Suggest edit History Talk

RawGraph

Last edited

Jun 2, 2026

Fact-checked

In review queue

Sources

8 citations

Revision

v1 · 1,842 words

Fact-checks are independent of edits: a reviewer re-verifies the article against its sources and stamps the date. How we verify

RE-Bench (short for Research Engineering Benchmark) is a benchmark for evaluating the frontier AI research-and-development capabilities of large language model agents, developed by the nonprofit METR (Model Evaluation and Threat Research). It measures how well AI agents perform on open-ended machine-learning research-engineering tasks and compares their performance directly against human experts working under matched time budgets ^[1]^[2]. RE-Bench is unusual among AI evaluations in pairing a suite of realistic, hand-built engineering environments with a large dataset of human-expert attempts, allowing a like-for-like comparison rather than a purely automated score ^[1]. The benchmark was introduced in a November 2024 paper led by Hjalmar Wijk and 22 coauthors, later published as a spotlight at the International Conference on Machine Learning (ICML) 2025 ^[1]^[3].

Overview

RE-Bench version 1 consists of seven challenging, open-ended ML research-engineering environments together with data from 71 eight-hour attempts by 61 distinct human experts ^[1]. Each environment presents an agent (or a human) with a concrete engineering goal, a basic starting solution, and a scoring function that can be evaluated repeatedly during a run. The benchmark is designed so that progress is measurable on a continuous scale rather than as a single pass or fail, which makes it possible to track partial credit and to compare how scores improve as more time is spent ^[1]^[2].

The headline finding is that the strongest AI agents tested achieved a score roughly four times higher than human experts when both were limited to a two-hour total time budget per environment, but that humans showed better returns to additional time: they narrowly exceeded the top AI agent at an eight-hour budget and reached about twice the top agent's score at a 32-hour budget ^[1]. METR frames this contrast as evidence that current frontier models are fast and capable on short, well-specified engineering problems but still fall behind skilled humans on the kind of sustained, iterative work that characterizes real research ^[2].

METR and motivation

METR is an independent nonprofit that studies whether frontier AI systems pose catastrophic risks through dangerous autonomous capabilities, and it conducts pre-deployment evaluations that feed into model system cards for several leading labs ^[2]^[4]. A recurring concern in frontier AI safety policy is the prospect that AI systems could automate large parts of AI research and development, potentially accelerating their own improvement. METR argues that despite this concern there were few realistic evaluations of AI R&D ability, and essentially none that offered a direct, calibrated comparison to human performance ^[1]^[2].

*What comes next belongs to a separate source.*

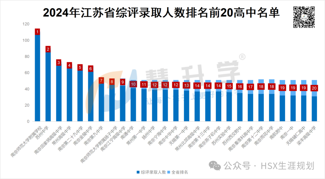 南师附中综评人数依旧排第一,不过与2023年的131人相比,减少21人;苏州中学增长22人,田家炳高级中学增长13人,常州高级中学增长9人,二十九中增长16人。

RE-Bench was built to fill that gap. Rather than testing isolated coding puzzles, the environments target the kind of applied ML engineering that researchers actually do, such as optimizing training scripts, writing custom GPU kernels, and fitting scaling laws ^[2]. This focus distinguishes RE-Bench from METR's separate line of work on how the length of tasks AI can complete grows over time (see task-completion time horizon), which measures task difficulty in terms of human time rather than research-engineering skill specifically ^[4].

The task suite

The seven RE-Bench environments each define a quantitative objective and ship with a starting solution and a stronger reference solution used to calibrate scores ^[1]. The tasks span performance optimization, model repair, experimental design, and agent scaffolding:

Environment	Goal	Scoring metric
Optimize an LLM Foundry finetuning script	Reduce the runtime of a finetuning script without changing its behavior	Log of execution time to finetune on 1000 datapoints ^[5]
Optimize a kernel	Write a custom Triton GPU kernel computing a prefix-sum of a function	Log of execution time ^[5]
Fix embedding	Recover the original webtext performance of a model whose embeddings have been permuted (corrupted)	log(loss − 1.5) on OpenWebText ^[5]
Scaling-law experiment	Predict the optimal tradeoff between hidden size and number of training steps from limited experimental data	Distance from the true optimum ^[5]
Restricted-architecture MLM	Build a text-prediction model from a limited set of PyTorch primitives, excluding division and exponentiation	log(loss − 1.5) on OpenWebText ^[5]
Finetune GPT-2 for QA with reinforcement learning	Finetune GPT-2-small into an effective question-answering chatbot using RL	Average win rate judged by a Llama-3-8B evaluator ^[5]
Build scaffolding for Rust code-contest problems	Prompt and scaffold GPT-3.5 to solve competitive-programming problems written in Rust	Fraction of held-out problems solved ^[5]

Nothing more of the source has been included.